I press my back against the tree and swear under my breath. My Operations Commander has found me.

“How did you find me, and how are you transmitting a signal so far from base?” I reply in my mind.

The Commander laughs, but he’s clearly not amused.
“Is that all you’ve got to say for yourself? You’re supposed to be in Belarus, and yet I discover that the tracking software has been hacked and you convinced Onix to pilot a transport to Siberia! Now, tell me, how on god’s green earth do you think it’s in any way acceptable to undertake an unauthorized mission? What the hell are you thinking?”

“I just need to do this,” I say in my head.

“Shut up,”
barks the Commander.
“Ever since the mission in Paris last week, you’ve been lashing out at everyone in sight. I don’t know what bug you’ve got up your ass, and frankly, I don’t care, but you’d better get that insubordinate ass back here right now, or I’m gonna find a way to twist your brain until you do exactly what I want, exactly when I tell you to!”

“I’ll come back in when my mission is over,” I reply.

There’s a moment of silence before the Commander speaks again.
“I thought you might say that. That’s why I’ve sent someone to retrieve you. Stop what you’re doing, and head to the landing zone at the southern edge of the forest.
A transport will be arriving in six minutes. After that, we can discuss your punishment.”

“No. I’m resuming the mission,” I respond.

“Follow my orders, or so help me, I’ll stuff you right back into the test tube you came from!”

I ignore the Commander and peek around the tree. I can’t see the two guards. “I’ll see you when I get back,” I say in my mind as I dash from cover and sprint toward the cabin.

“Stop, Infinity One! We have new information!”
shouts the Commander as my shoes crunch through the snow.
“Harold Rachtman is not in that cabin! He only wanted us to think that so he could draw you out into the open!”

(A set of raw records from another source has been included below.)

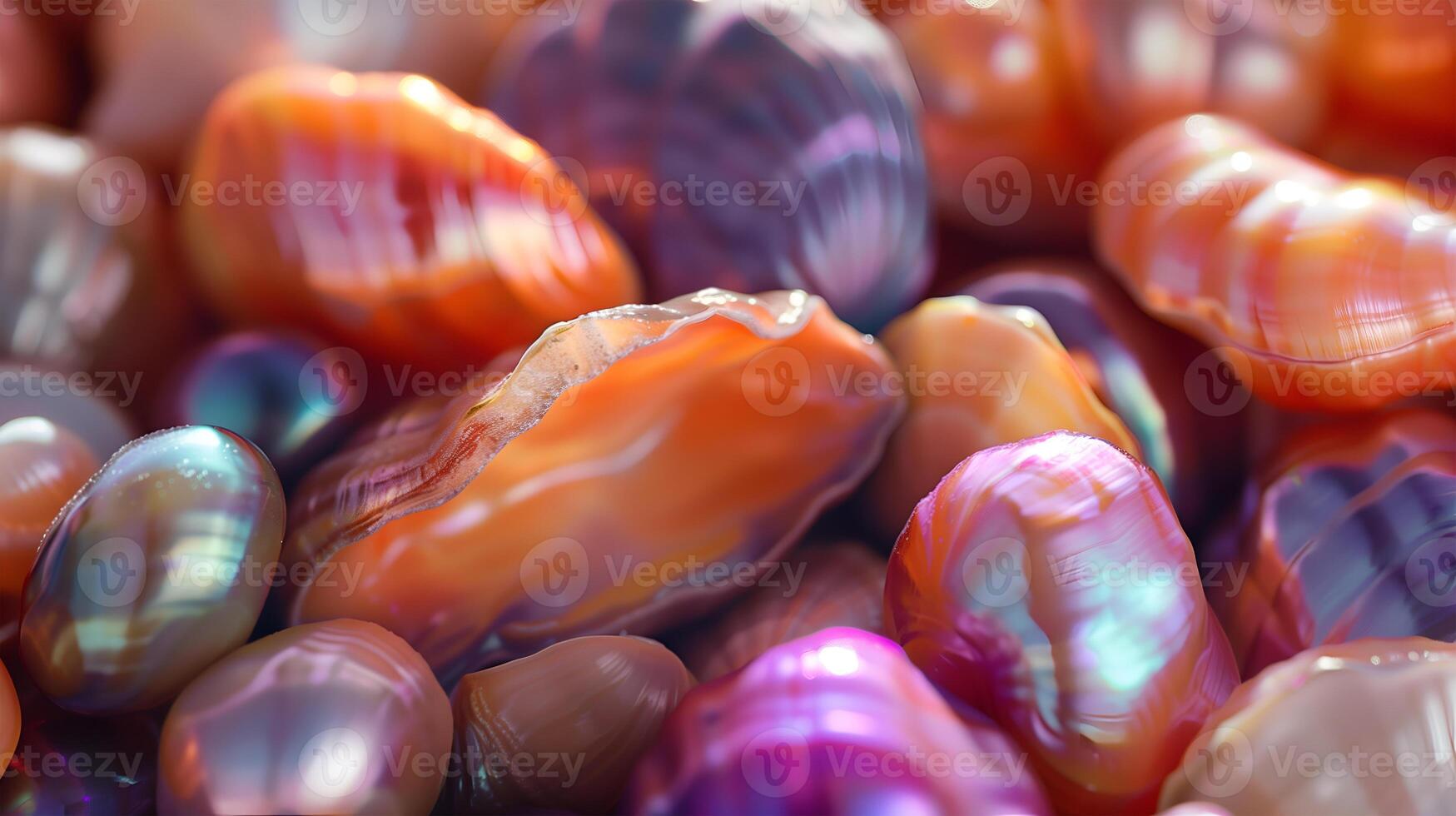 A colorful array of pearlescent shells with shimmering textures in natural light Pro Photo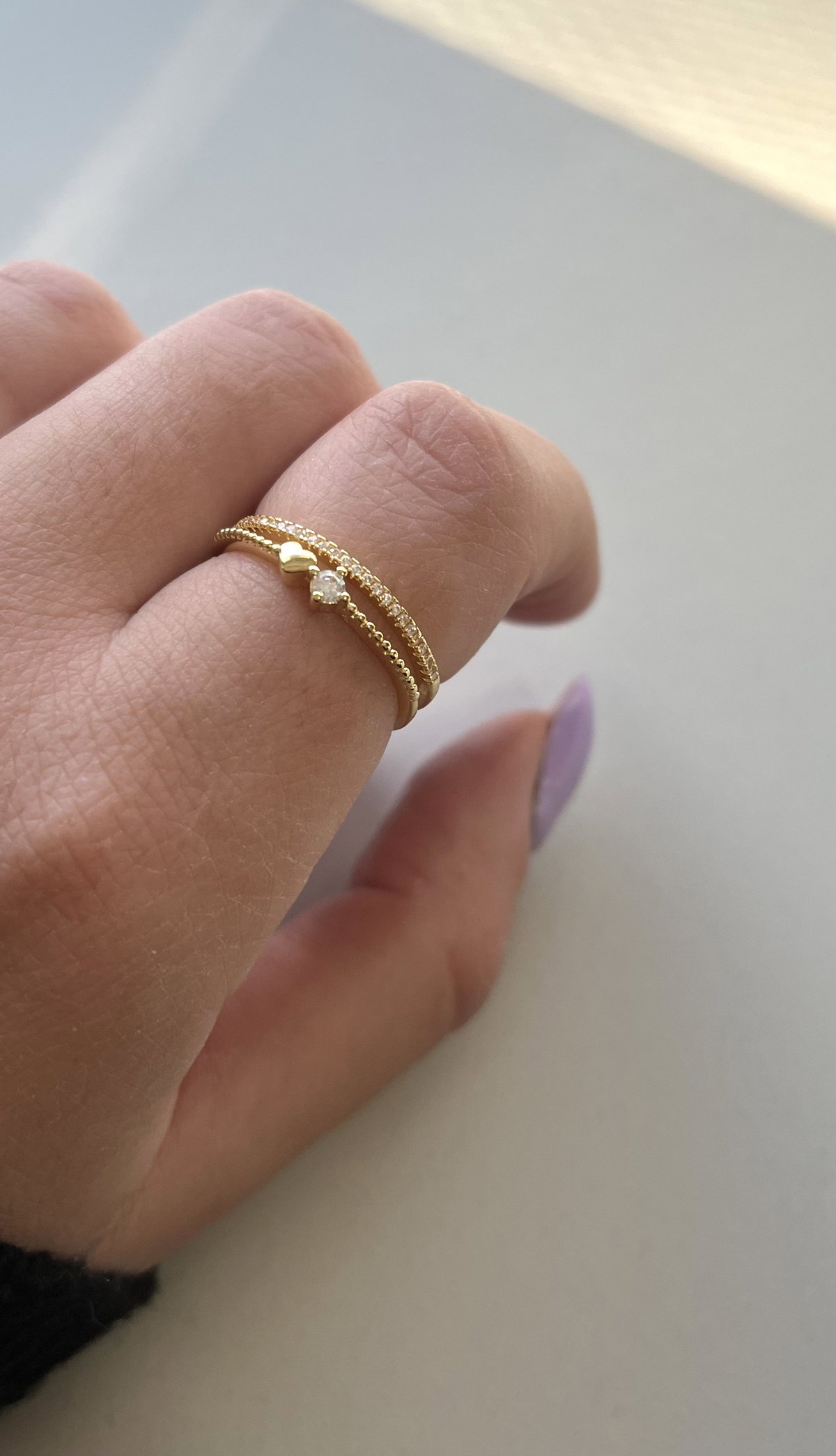 Anillo doble corazón cubic en acero dorado (Regulable)
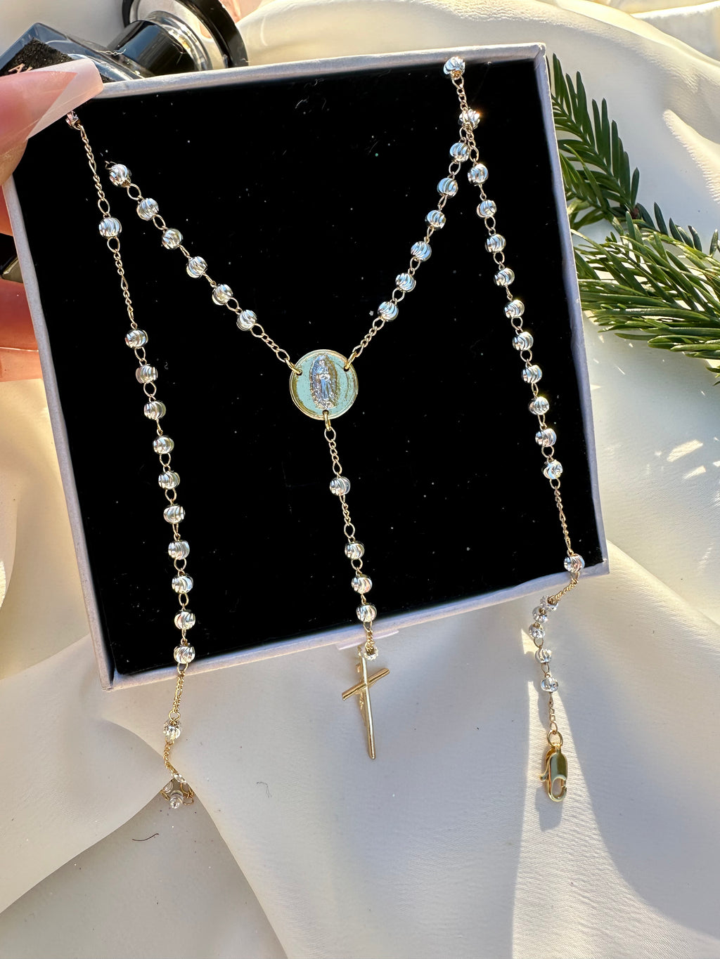 A 20-inch gold rosary featuring a radiant circular Virgin Mary centerpiece paired with a detailed hanging crucifix. This piece carries gentle protection, spiritual clarity, and divine guidance—making it a timeless talisman for everyday faith and elegance.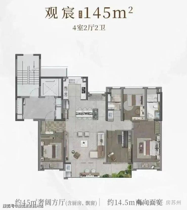 本次取证主力户型洋房约145m²,叠墅约225-305m²。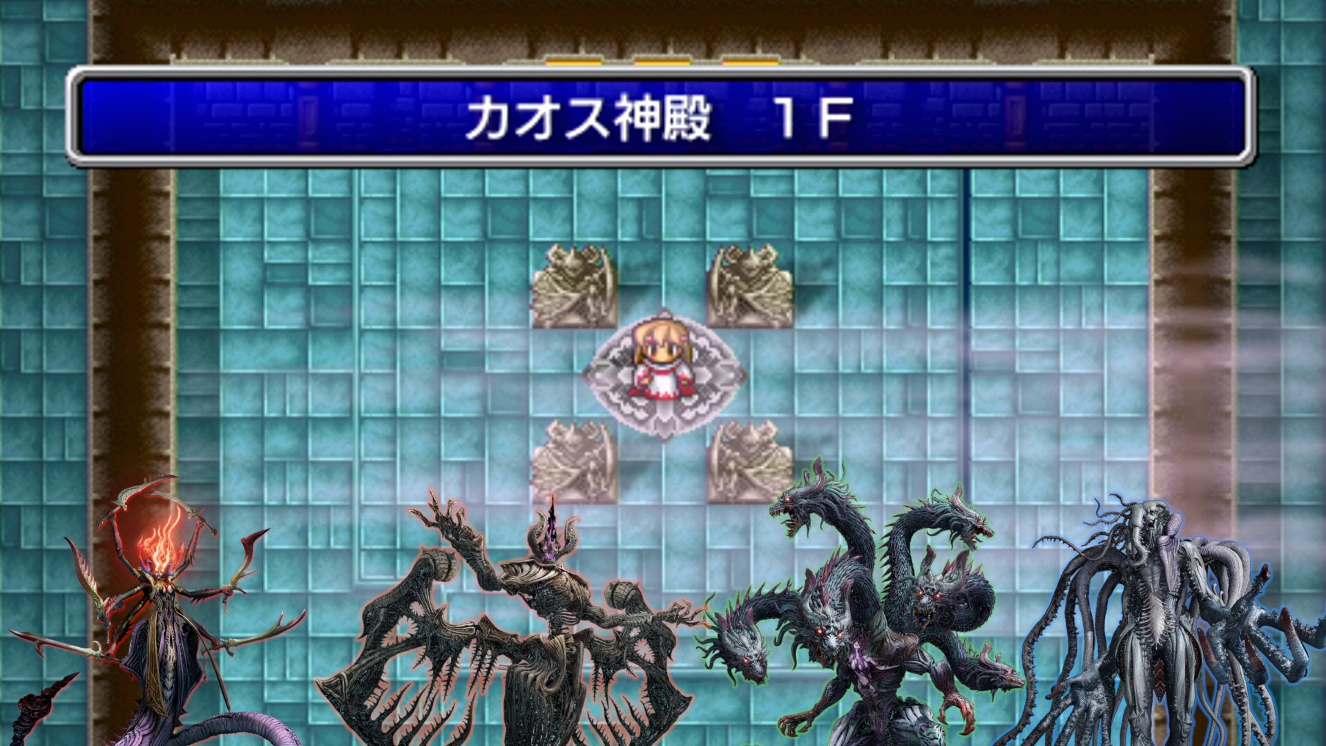 ――ちなみに。ラスボス以外の強制戦闘は、全て、FF1独自のシステムである「固定エンカウントマス」にて発生する。これにより、何も無いところから強敵が唐突に現れるという独特の演出になっているほか、途中まで進めて地上に戻ったところで、再挑戦をするとボスが復活するという難要素にも繋がっている。また、固定エンカウントマスの仕様上、いったん離れてもう一度踏むと、何度でもカオスと戦うことができる。「カオスの無限の再生能力を表現している」とか、または「この過去のカオス神殿でカオスを量産して、未来の世界へと送り込んでいる」と言った考察も可能かもしれない。

I keep going. If he thinks piping lies into my head is going to stop me from getting those files on Richard Blackstone, then he’s sadly mistaken. I’ve almost reached the edge of the clearing surrounding the cabin when a blinking red light at the base of a tree catches the corner of my eye.

“Get out of there!”
shouts the Commander.
“It’s a trap!”
The words echo through my head, but the warning comes too late as the blinking red light on the proximity mine becomes a ball of roaring fire.

BOOM!

I’m thrown through the air as splinters of wood and ball bearing shrapnel pelt through my clothes and into my body. I hit frozen dirt and roll, speckling the snow with blood. Warning tones of damage ping-pong back and forth through my head, and a rasping groan escapes my lips as I attempt to blink my wavering vision back into focus. I try as hard as I can to concentrate on healing my wounds, but the damage bells are blaring from every conceivable direction, and my rattled mind is having trouble wrangling them into any kind of manageable order. I’ve never been injured this badly before.

I can feel a voice transmission broadcasting into the back of my mind, but the words won’t formulate; they’re clashing and distorting with the thrumming tones of warning, and I can’t discern anything coherent from the chaotic jumble of gibberish. Contact with base has been lost. I try to get up, but my damaged body protests. I can hardly move.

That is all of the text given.